Capítulo 2

Depois do que pareceu uma eternidade, enxerguei a fachada do colégio. Olhei a hora no relógio que estava no meu pulso — sim, eu usava relógio igual alguém da idade das pedras, porque minha mãe decidiu que eu não tinha direito a ter nada — e, eu tinha dois minutos para entrar. Nem acreditei que tinha conseguido chegar lá e ainda estava vivo. Convenhamos que o termo “vivo” possa soar meio forte, eu estava mais para um zumbi do que para um ser humano.

Corri até o banheiro que para a minha sorte não tinha ninguém e fui até uma cabine, troquei de camiseta para ver se disfarçava o odor de suor, ajeitei as mangas da camiseta — sempre camiseta de manga longa — para esconder qualquer possível marca que não devesse aparecer. Sentei-me no chão da cabine, abracei meus joelhos e só fiquei lá. Nem chorar eu conseguia mais.

Vasculhei a minha mochila para ver se eu achava alguma coisa para comer e para a minha sorte — ou não — encontrei uma pequena maçã quase em decomposição. “Meu estômago já está doendo mesmo…”, pensei, enquanto dava uma mordida na parte que parecia menos estragada. Assim que senti o gosto podre, instintivamente, me inclinei para vomitar, porém eu não tinha muitas alternativas e me forcei a comer aquela maçã estragada.

Escovei os dentes rapidamente e estava indo para a sala quando vi o grupinho do meu irmão vindo na minha direção. “Hoje não, por favor!”, implorei mentalmente. Mas foi em vão. Eles bloquearam o meu caminho.

— Está com pressa, maninho? — dava para ver o sarcasmo e o desprezo na expressão dele.

Tentei forçar uma passagem entre dois amigos do meu irmão, mas também foi inútil e ainda tive que aturar aqueles dois me apalpando. Para ajudar, os efeitos colaterais de comer a maçã podre estavam começando a aparecer e parecia que eu iria vomitar em cima deles. Na hora, eu não consegui decidir se isso seria algo bom ou não.

Eu devia estar mal mesmo, porque o meu irmão mudou o tom.

— Você parece péssimo, Alifer…

Willian se aproximou, a mão levantada em minha direção. Antes mesmo de entender o que ele queria, eu recuei, meu corpo agindo por conta própria.

— S-só… me deixa passar — minha voz era praticamente um sussurro, mas me surpreendi por saber que ainda sabia falar.

Não sei direito o que aconteceu, só sei que eles me deixaram passar. Enquanto eu caminhava em direção a sala de aula não pude deixar de sentir que eles ficaram me olhando.

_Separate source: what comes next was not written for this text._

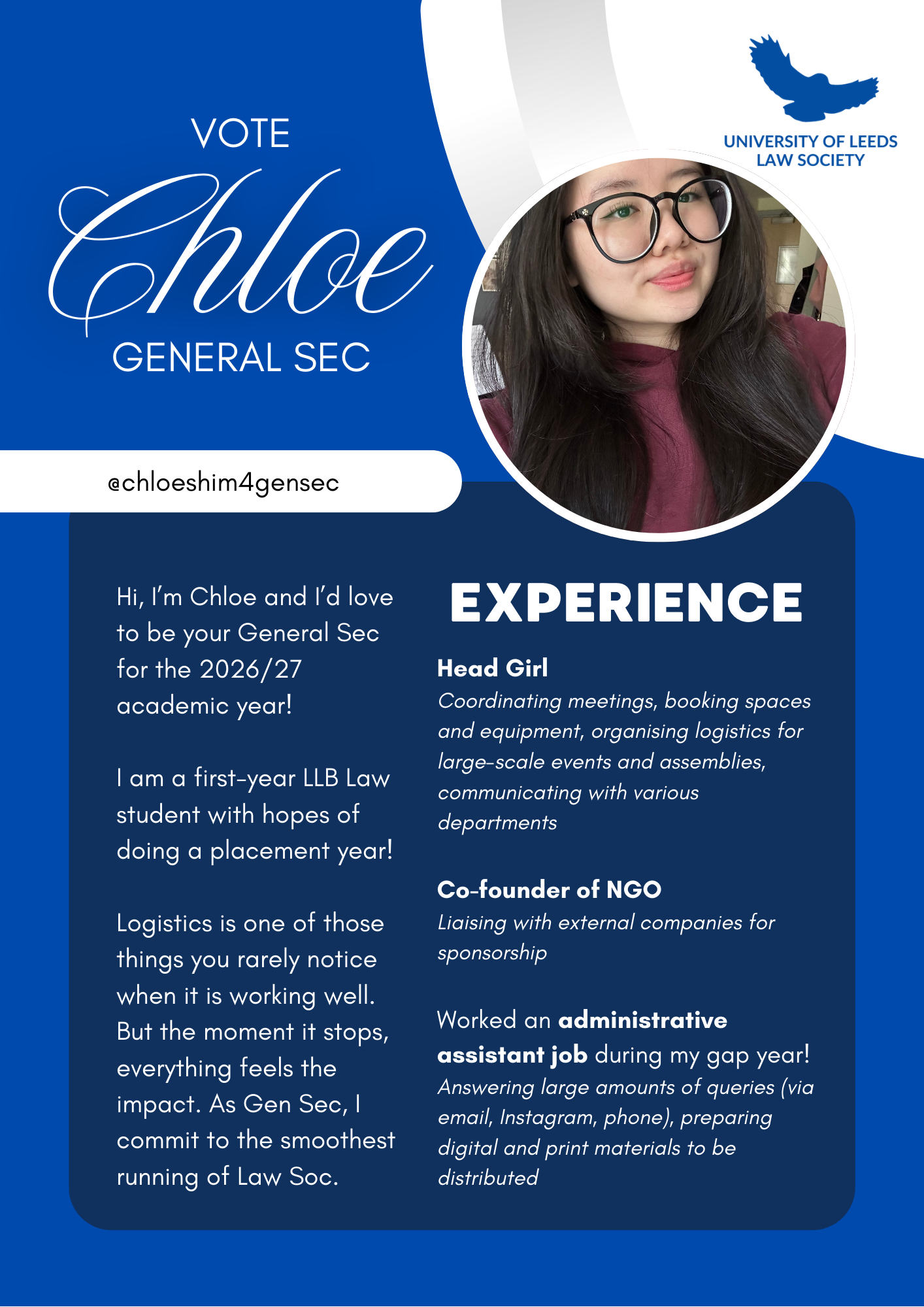 General Secretary of the Leeds Law Society for the 2026/27 academic year. Please see responsibilities HERE

Entrar na sala foi como passar por um portal para outro mundo. A ausência dos olhares de William e sua turma me proporcionou um alívio imenso. A tensão que me acompanhava pareceu dar uma trégua e me inclinei sobre a carteira. Depois disso, tudo o que me lembro era da professora me acordando.

— Alifer? Alifer?

A voz dela era suave e gentil.

— Você está se sentindo bem? Teus colegas me disseram que você está dormindo desde a primeira aula.

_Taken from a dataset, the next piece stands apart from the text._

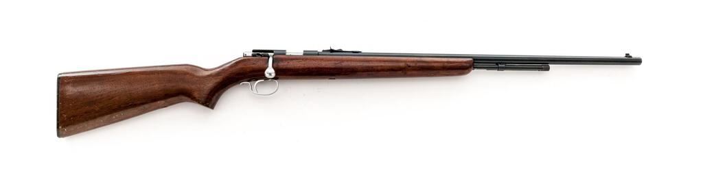 Winchester Model 72A Bolt Action Rifle, NSNV, .22 S/L/LR cal., 25" barrel with a half magazine, silver bead blade front and standard elevator rear sights, blue finish, chrome bolt, smooth walnut one-piece stock with a checkered plastic Winchester marked buttplate. The Models 72/72A were produced from 1938-1959. Rifle is in very good to near fine overall condition retaining approx. 90%-93% original factory blue finish, with light scratches and wear at the muzzle. Receiver is factory grooved with sharp markings including crisp Winchester "WP" proofs on the barrel and front ring. Smooth wood stock is very good with light scratches and small mars consistent with field use. Action works smoothly, bore is good with defined rifling. Est.: $200-$300. (C&R)

A professora Luísa era gente boa e era a única que parecia não ter desistido de mim. Ela puxou uma cadeira e se sentou ao meu lado.

— Alifer, quer me contar o que está acontecendo? — Neguei com a cabeça e ela prosseguiu. — Cada dia que passa você está mais abatido…

Os olhos castanhos de Luísa me observavam com uma gentileza que me tocava profundamente.

— Eu sei que às vezes parece que ninguém entende o que a gente está passando — ela continuou, mantendo a voz calma e acolhedora. — Mas você não precisa carregar tudo sozinho. Às vezes, falar ajuda. Mesmo que seja só um pouquinho.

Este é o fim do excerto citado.